In the wider environment, deepfake videos targeted at politicians in (state-sponsored) political campaigns could help to influence public opinion when voting which in turn could have an influence on the economic environment that businesses must operate in.

France’s finance minister, Bruno Le Maire has said that the development of Facebook’s new Libra cryptocurrency will be blocked in Europe unless concerns over risks to consumers and to the monetary systems of countries can be addressed.

Libra – Announced in June

Announced in June this year and due to be launched in 2020, Libra is Facebook’s cryptocurrency which will enable payments to be made by a special phone app and by messaging services such as WhatsApp so that spending the new currency could be as easy and fast as texting.  Management of the currency, units of which can be purchased via Libra’s platforms and stored it in a digital wallet called “Calibra”.

In addition to Facebook, the Association has 27 other members/partners, all of whom will most likely have to accept Libra, including Mastercard, PayPal, eBay, Spotify, Uber, Vodafone, and a variety of charities such as Women’s World Banking.

For Use By The ‘Unbanked’

Facebook has promoted Libra as being targeted mainly at the 1.7 billion adults worldwide who do not have a bank account, and who use services such as payday loans although 1 million plus of these already have a smartphone, thereby enabling them to use the apps through which Libra can be operated.  This “unbanked” segment of the potential market contains mainly people from developing countries, a large proportion of which are women.

Why Does France Object?

In Bruno Le Maire’s speech at the OECD Global Blockchain Policy Forum 2019 he identified several reasons why France would consider blocking Libra in Europe, the main one being that monetary sovereignty of countries may be at stake from a possible privatisation of money e.g. because Facebook is a sole actor (company) with more than 2 billion users on the planet. Mr Le Maire also expressed concern that Libra’s digital credits could facilitate money laundering and terrorism.

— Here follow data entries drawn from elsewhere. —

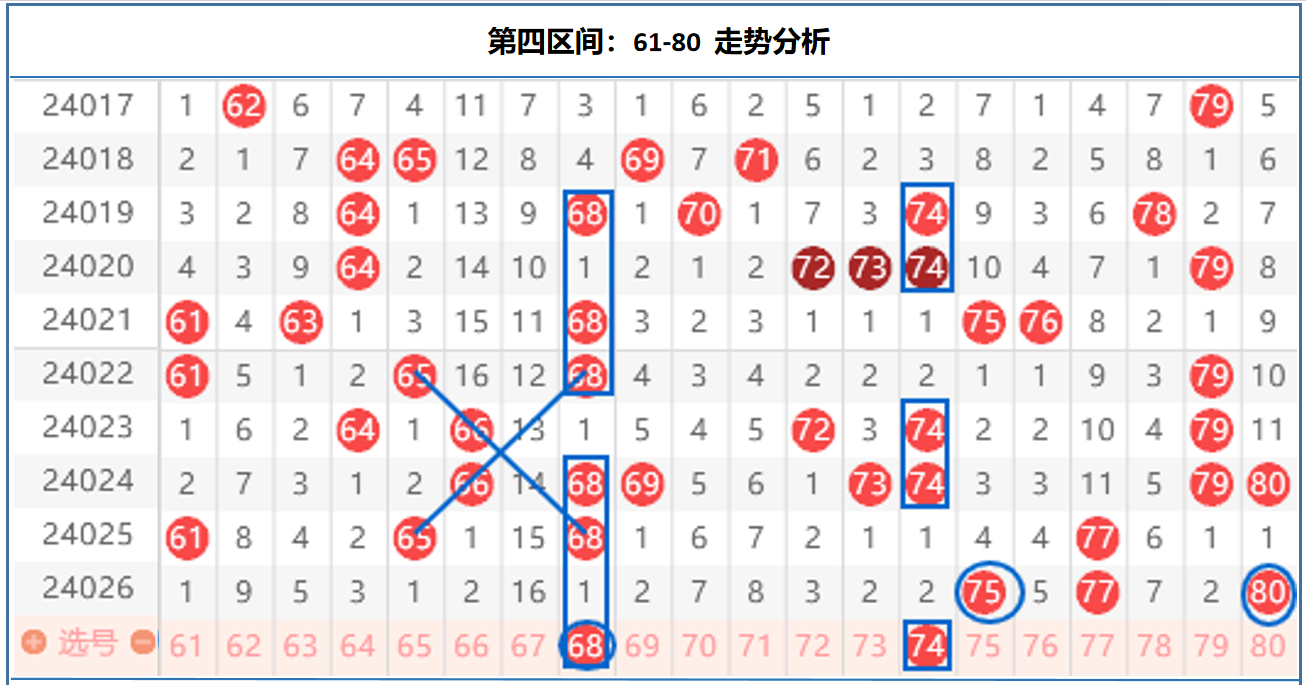 四区分析:【61-80】(走势图标注号码非小黄车大底,请谨慎参考,具体思路将在直播间分享讨论)
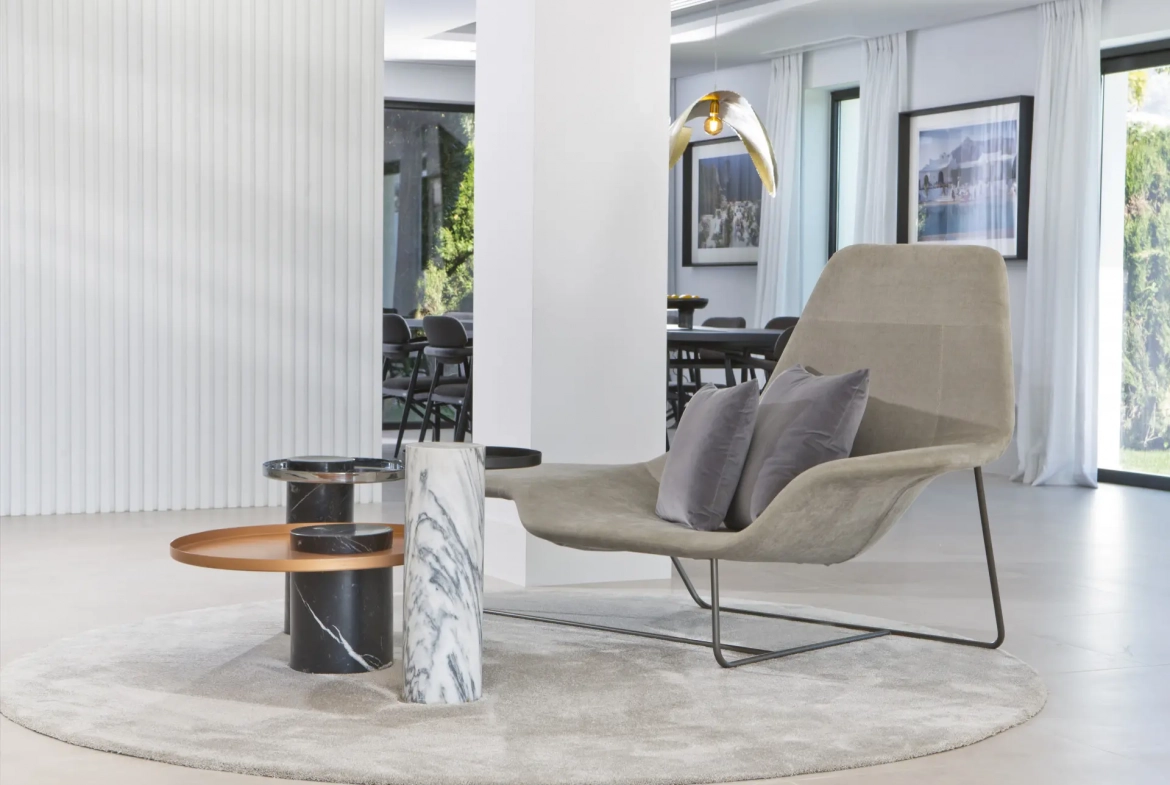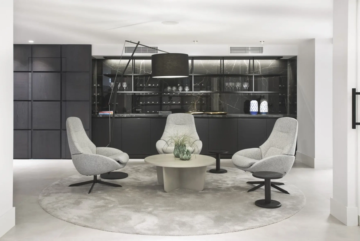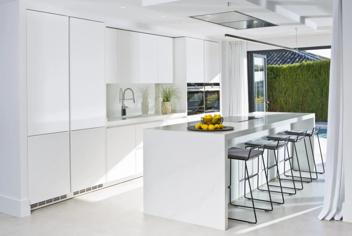 The villa is distributed across three levels. The main floor features a bright open-plan layout designed for modern living. The kitchen includes a central island and Siemens appliances. It connects seamlessly to the dining area and the spacious L-shaped living room.
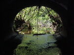 Metal culverts extendind from both ends of rock abutments. Timber bottom along rock abutments. Structure span is 2.33M at rock abutments.
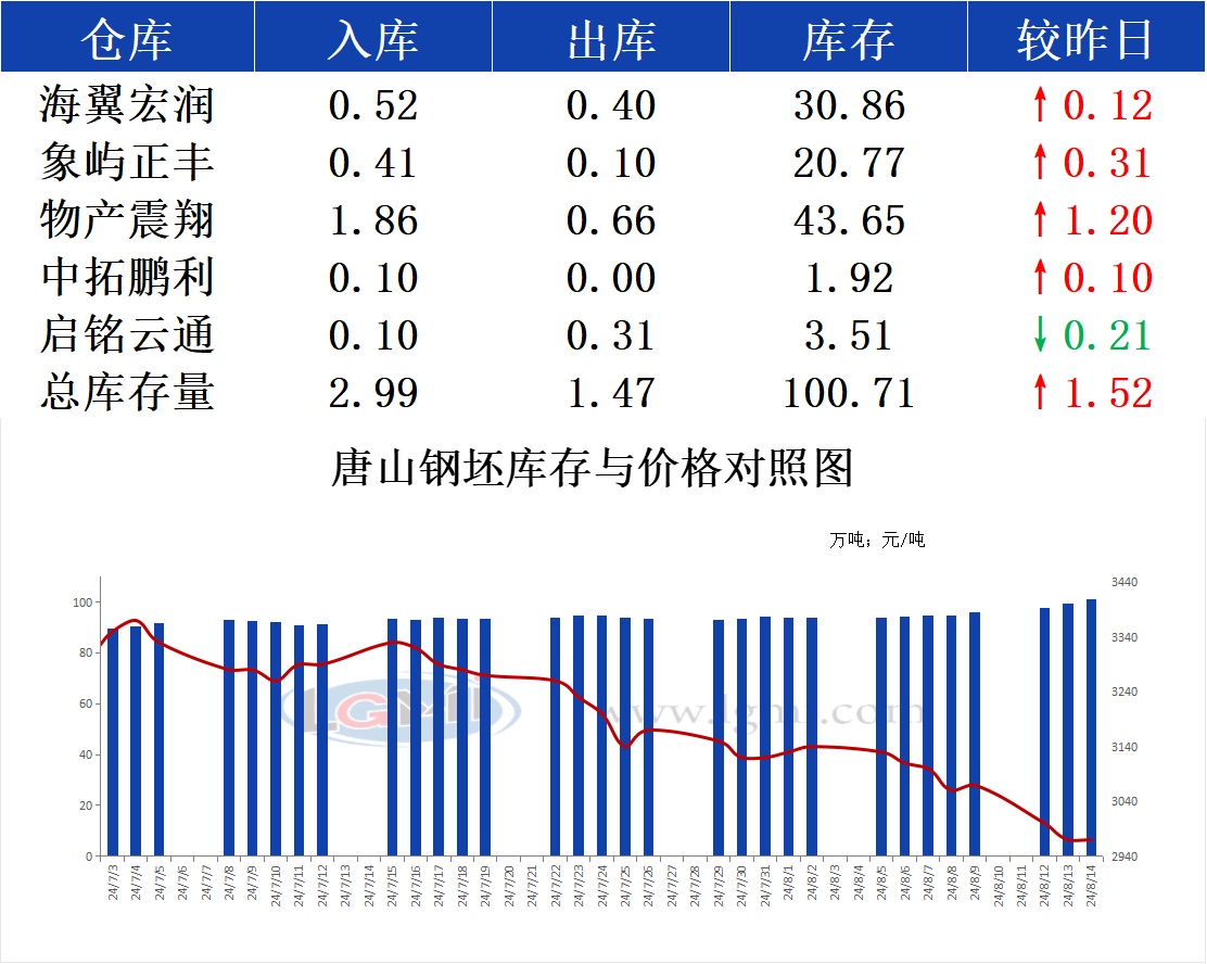 8月14日唐山钢坯库存早报

Other concerns about Libra’s introduction include:

• Possible risks to consumers (their personal data) in the light of Facebook’s sharing of user data with Cambridge Analytica.
• Consumers may turn to cryptocurrencies like Libra during a time of national crisis, which could make it more difficult for governments to stabilise their economies, thereby making matters worse.
• The need for Libra to meet regulations for consumer protection, money laundering and financing terrorism.
• Libra uses blockchain, which many banks still consider to be an emerging technology that should be approached with caution.

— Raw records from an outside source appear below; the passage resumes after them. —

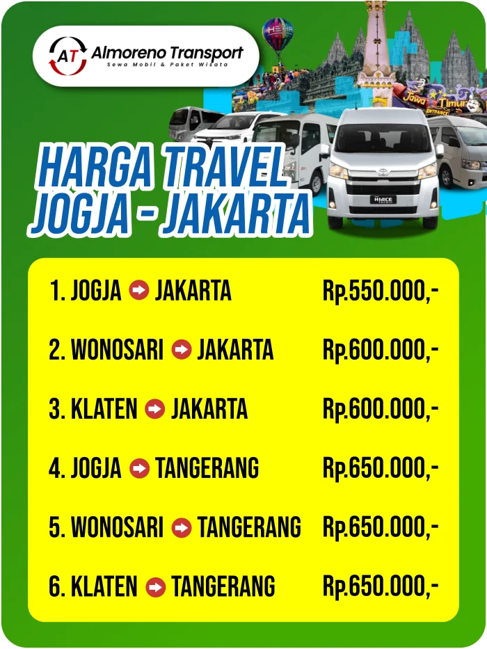 Ingin bepergian dari Yogyakarta ke Jakarta dengan cara yang praktis dan hemat waktu? Almoreno Tour & Travel siap menemani perjalanan Anda dengan layanan travel antar jemput (door to door) dari Wonosari, Klaten, dan Yogyakarta menuju Jakarta, Bogor, dan Tangerang, serta kota-kota yang dilewati seperti Karawang, Cikampek, Bekasi, dan Cirebon.
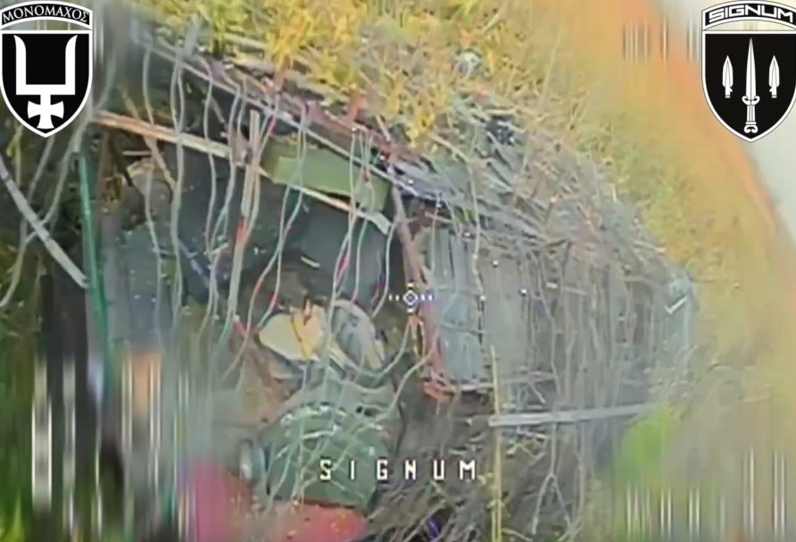 На Сіверському напрямку пілоти батальйону «Signum» у взаємодії з суміжним підрозділом знищили ворожу БМП, яка, після першого влучання, застрягла в болоті, а її екіпаж та піхоту ліквідували.
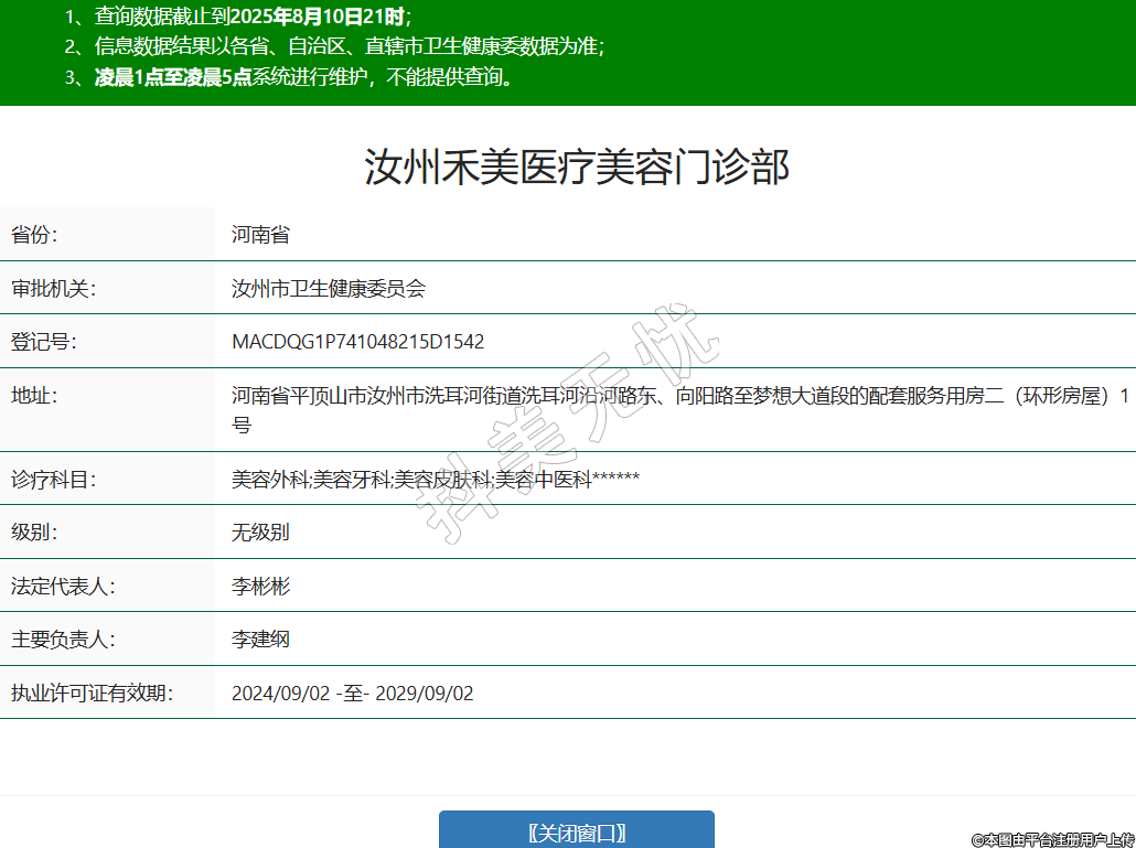 省份:河南省審批機(jī)關(guān):汝州市衛(wèi)生健康委員會(huì)登記號:MACDQG1P741048215D1542地址:河南省平頂山市汝州市洗耳河街道洗耳河沿河路東、向陽路至夢想大道段的配套服務(wù)用房二(環(huán)形房屋)1號診療科目:美容外科;美容牙科;美容皮膚科;美容中醫(yī)科******級別:無級別法定代表人:李彬彬主要負(fù)責(zé)人:李建綱執(zhí)業(yè)許可證有效期:2024/09/02 -至- 2029/09/02 -

Highlights The Need To Work Together

According to the head of policy and communications at the Libra Association, the concerns expressed by Bruno Le Maire highlight the need for the project’s backers to work together with regulators to make the implementation of the Libra project safe, transparent and consumer focused.

What Does This Mean For Your Business?

For Facebook, Libra is an opportunity to monetise another of its services, and an opportunity to diversify.  Even though Facebook has promoted Libra as a currency for use by the 1.7 billion people without bank accounts, it is more likely that Libra will gain more users with bank accounts in developed countries more quickly.  Also, some more sceptical commentators have noted that Libra may be less about money and blockchain but more about gathering more information about the identity of clients.

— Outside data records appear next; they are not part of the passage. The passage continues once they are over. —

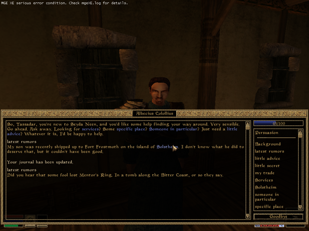 The thing that bugs me about Morrowind is all of the talking. I don't mind the gameplay, or lack thereof, since I loved Wurm which is effectively a multiplayer Morrowind, but I cannot get into dialogue-heavy games without my eyes rolling back into my head out of boredom.
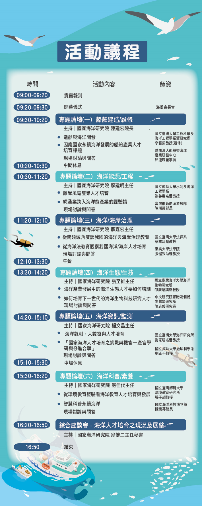 一、配合第四屆國家海洋日系列活動,國家海洋研究院特舉辦旨揭論壇,以「邁向下一個十年的永續海洋」為主題,辦理6場次專題講座(船舶建造/維修;海洋能源/工程;海洋 /海岸治理;海洋生態/生技;海洋資訊/監測;海洋科普/ 素養)進行專題分享。
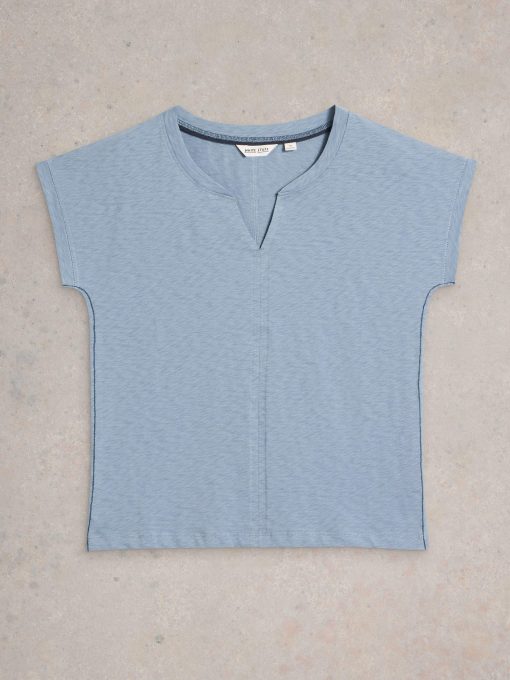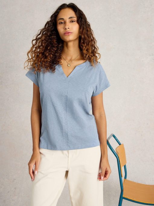 White Stuff Women’s Nelly Notch Neck Short Sleeve Tee | Mid Blue

Even though Libra users are not intended to be businesses, if Libra does help the ‘unbanked’ this could have a knock-on effect in helping that segment of society to buy more goods and services, thereby helping businesses and the economy.

Libra looks set to face more scrutiny and attempts to make sure that it meets the regulation of countries that are worried by the possible shift in control from governments and central banks to big business that Libra could bring. This shift in control could have a number of effects on the business environment and the economies of countries if Libra proves to be popular.